Владимир Киселёв - Весёлый Роман
Наш парикмахер Миша рассказывал несмешной анекдот, как дворник узнал, что хозяин переспал с его женой, и, взмахивая метлой то в одну, то в другую сторону, твердил: «И так — плохо, и так — плохо». А потом дворник переспал с женой хозяина и, помахивая метлой, говорил: «И так — хорошо, и так — хорошо».
Когда Вера была со мной, я ведь понимал, что должен был почувствовать Виктор, если бы узнал об этом. А теперь я сам это почувствовал. И поделом.
Недавно я увидел на столе у Лены напечатанное на машинке стихотворение Леона Ковалева с надписью от руки: «Лене».
Чужим потом пропитано твое тело, женщина из Магдалы.Чужими губами раздавлены твои губы, женщина из Магдалы.Чужой жаждой выжжено твое сердце, женщина из Магдалы.Я люблю тебя, и я тебя ненавижу, женщина из Магдалы.
Нас заключили в мир, где нет воскресения.Нас распинают деревья, и нет воскресения.Все перекрестки — распятья, и нет воскресения.Живые мертвы, и для мертвых нет воскресения.
Что мне делать с именем нежным твоим, Мария?Что мне делать с печальным сердцем твоим, Мария?Что мне делать с мертвой жизнью твоей, Мария?Я люблю тебя, и я тебя ненавижу, Мария.
Те, кто с ним просто даже знаком, войдут в историю. Вон как Ираклий Андроников разыскивает каждого человека, о котором где-то упомянул Лермонтов. И может быть, в самом деле Леон Ковалев станет для нашего времени не меньшим, чем был Лермонтов. Но такие люди не должны быть жадными, не должны отнимать что-то у других. Но, может быть, он сам не понимал, что он Лермонтов, не знал, что на домах, где он жил или даже только побывал, будут мемориальные доски? И поэтому он живет, как другие, как многие?
А Лена?.. Очевидно, она так устроена, ей нужно, чтоб ее любили иначе, чем я. Очевидно, ей недостаточно, если ее только любят. Очевидно, ей необходимо, чтоб ее не любили, а были в нее влюблены. Тогда у нее меняется лицо. Хорошеет. И может быть, что-то такое уловил этот поэт, когда обращался к ней как к «женщине из Магдалы»?
Если меня кто-нибудь заметит, то примет за шпиона. По пожарной лестнице я забрался на сделанную из бетонных плит плоскую и грязную крышу четырехэтажного дома, расстелил газету, лег у самого края и настроил мой бинокль. Вернее, не мой, я взял его у начальника цеха Лукьяненко. Он орнитолог, его статьи о птицах перепечатывают из наших журналов даже какие-то английские справочники, при этом указывая, что он «профессор Лукьяненко». Они не знают, что Юрий Юрьевич никакой не профессор, а обыкновенный инженер, у которого просто такое хобби — интерес к жизни птиц.
Конечно, большей гадости, чем попросить у Лукьяненко бинокль, я и придумать не мог.
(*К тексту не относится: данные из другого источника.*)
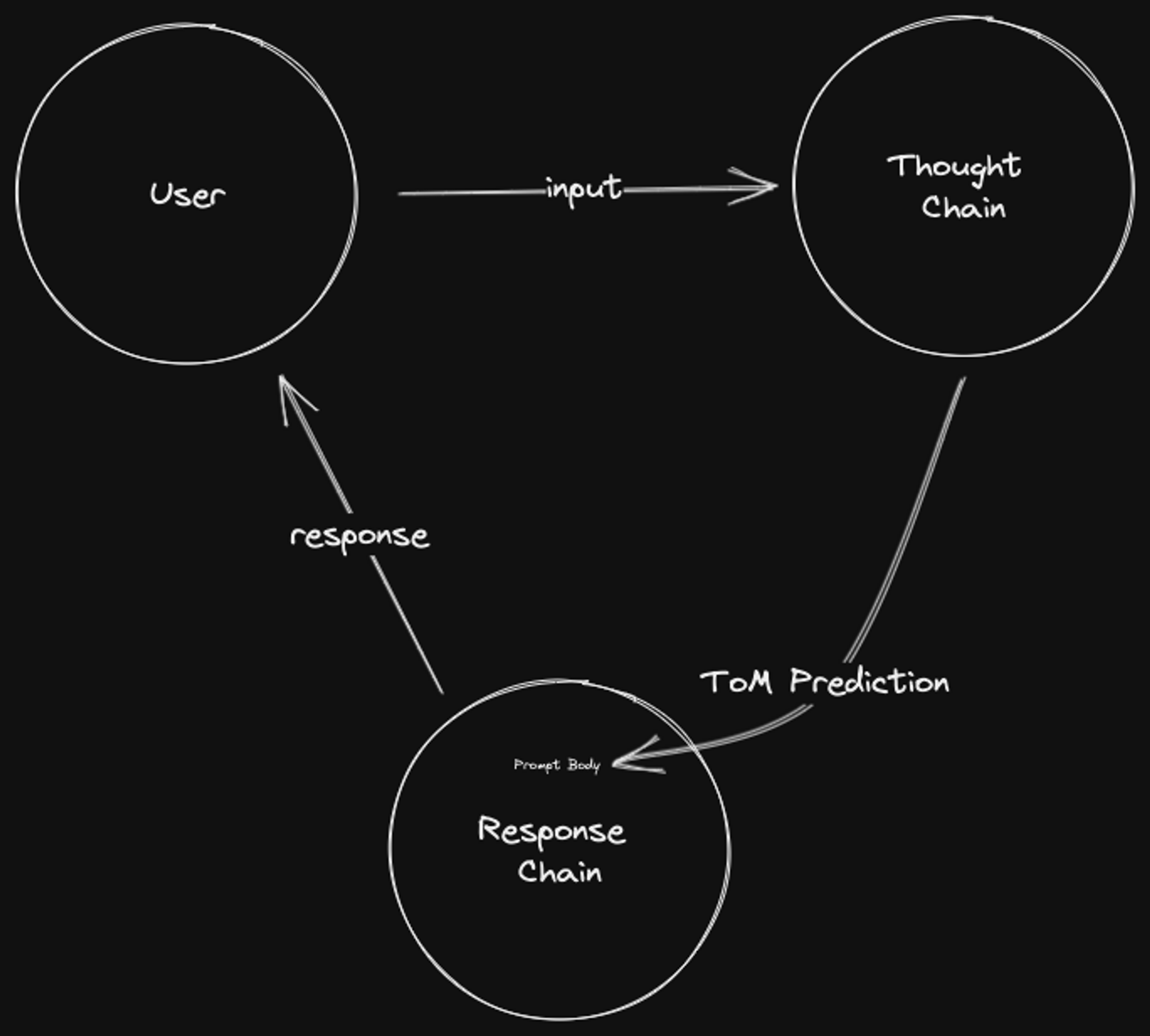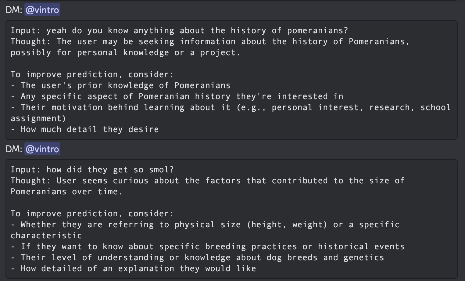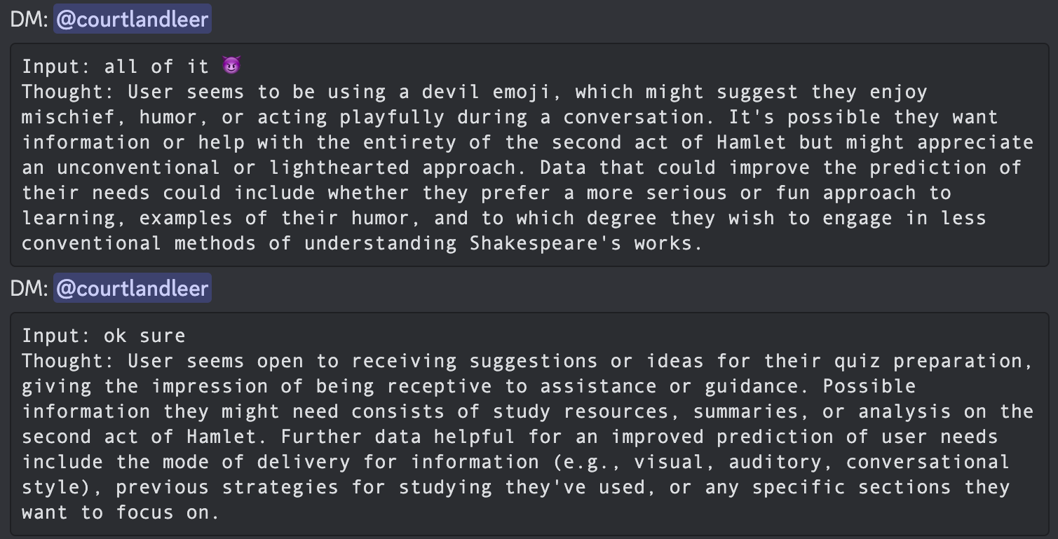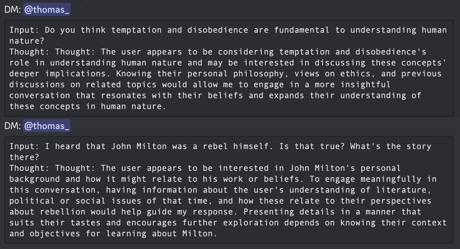 It consists of two “chain” objects from LangChain —a thought and response chain. The thought chain exists to prompt the model to generate a pedagogical thought about the student’s input—e.g. a student’s mental state, learning goals, preferences for the conversation, quality of reasoning, knowledge of the text, etc. The response chain takes that thought and generates a response.

Я воспользовался тем, что возле него никого не было — иначе черта с два мне бы удалось у него что-нибудь попросить. Я уверен, что он охотней дал бы мне свою зарплату или свое единственное кожаное болгарское пальто. Но он принес мне бинокль — великолепный, легкий, шестикратный цейсовский механизм с просветленной оптикой. И даже не спросил, зачем. Даже не сказал «смотри не разбей», хоть эти слова, я знаю, вертелись у него на языке.
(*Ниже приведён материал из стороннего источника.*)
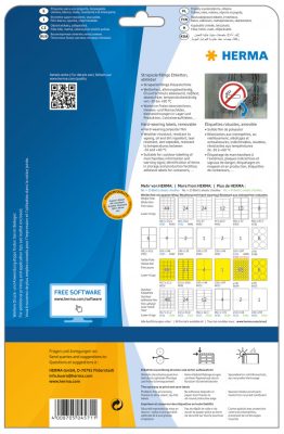 A Herma nyomtatható öntapadós címkéi kompatibilisek az általánosan forgalomban lévő irodai nyomtatókkal. A címkeív teljesen sík felületű, valamint négy papírmentes lapszéllel rendelkezik, mely ragasztómentes terület biztosítja, hogy nyomtatás közben ne kerülhessen ragasztómaradvány és egyéb szennyező anyag a nyomtató hengereire, görgőire, dobegységére. Ezáltal elkerülhetővé válik a címkék feltapadása a nyomtató belső alkatrészeire.
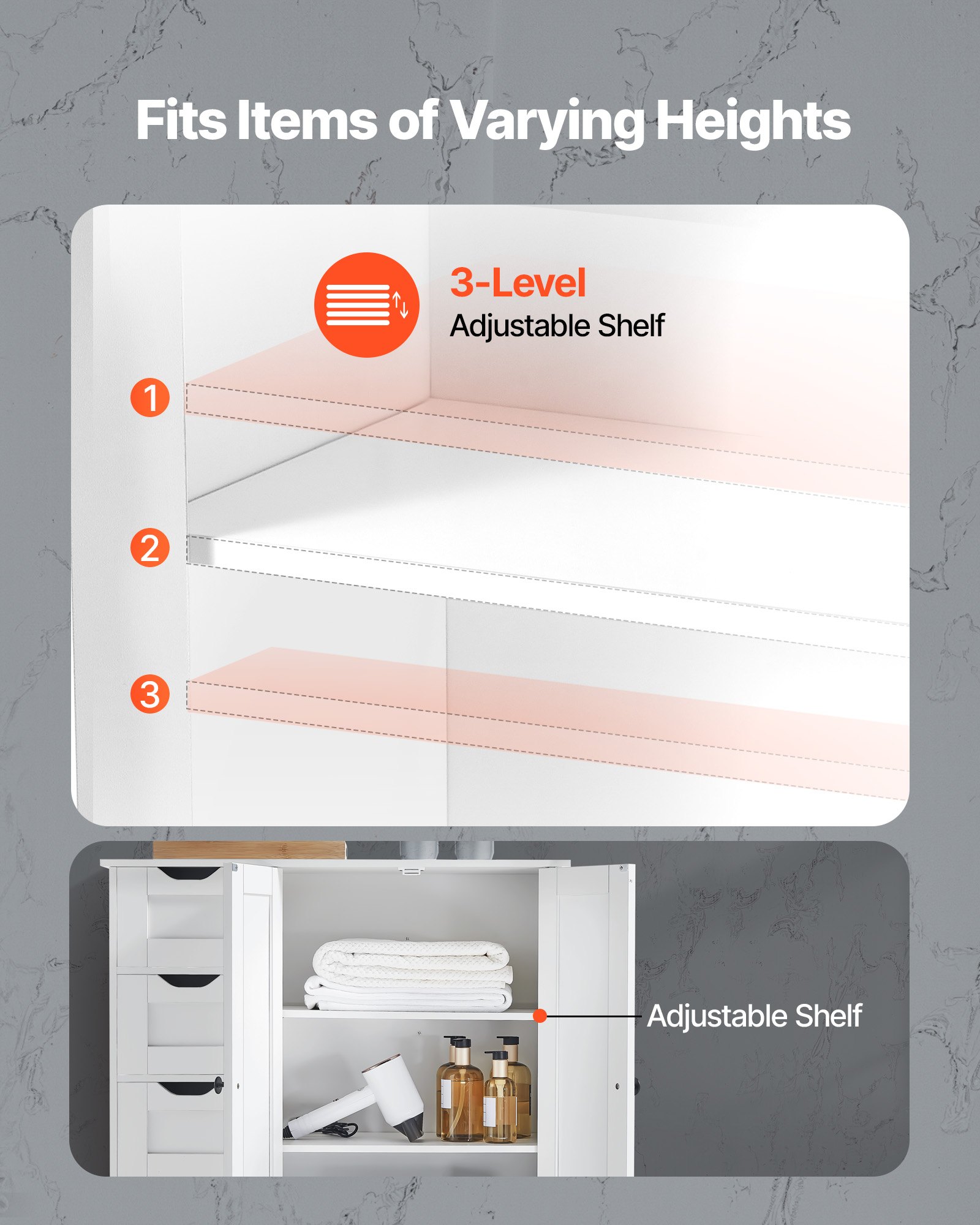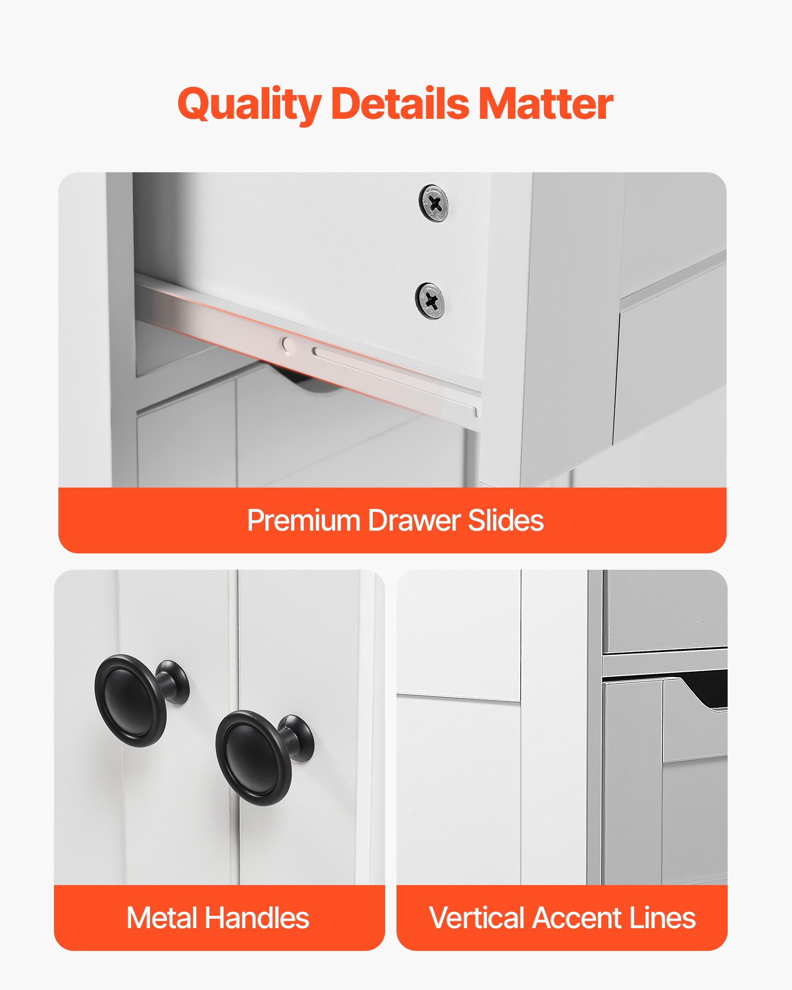 VEVOR kupaonski ormarić, drveni ormarić s 3 razine, 2 vrata, 4 ladice i podesiva polica, podni ormarić za kuhinju/dnevni boravak/ulaz, bijeli

Странная штука этот бинокль. Интереснее, чем любая кинокартина. Человеческое лицо вдруг появляется рядом с тобой так близко, что кажется, протяни руку — и ты к нему прикоснешься. Видно каждую черточку, каждую морщинку на этом лице, а по движениям губ можно догадаться, что говорят. Ты словно смотришь в увеличительное стекло и видишь подробности, недоступные для других.
Каменный оштукатуренный забор с колоннами был поставлен, вероятно, еще до войны. В бинокль мне были видны каждая трещина в штукатурке, кирпичи, с которых штукатурка осыпалась. Под действием солнца, дождя и ветра эти кирпичи крошились.
А за каменной этой стеной был небольшой двор с молодыми кленами, с двумя ящиками, заполненными серым песком, с низенькими скамеечками, с металлическими, врытыми в землю лесенками, на которых можно делать несложные спортивные упражнения. Там играли дети. Я останавливал бинокль на лицах — сосредоточенных, лукавых, строгих. Мне было очень интересно. Но Маринки среди них не было, и я уже начал тревожиться: не заболела ли она, не осталась ли дома? И когда ее группа во главе со старой толстой воспитательницей стала спускаться с крыльца, у меня часто забилось сердце.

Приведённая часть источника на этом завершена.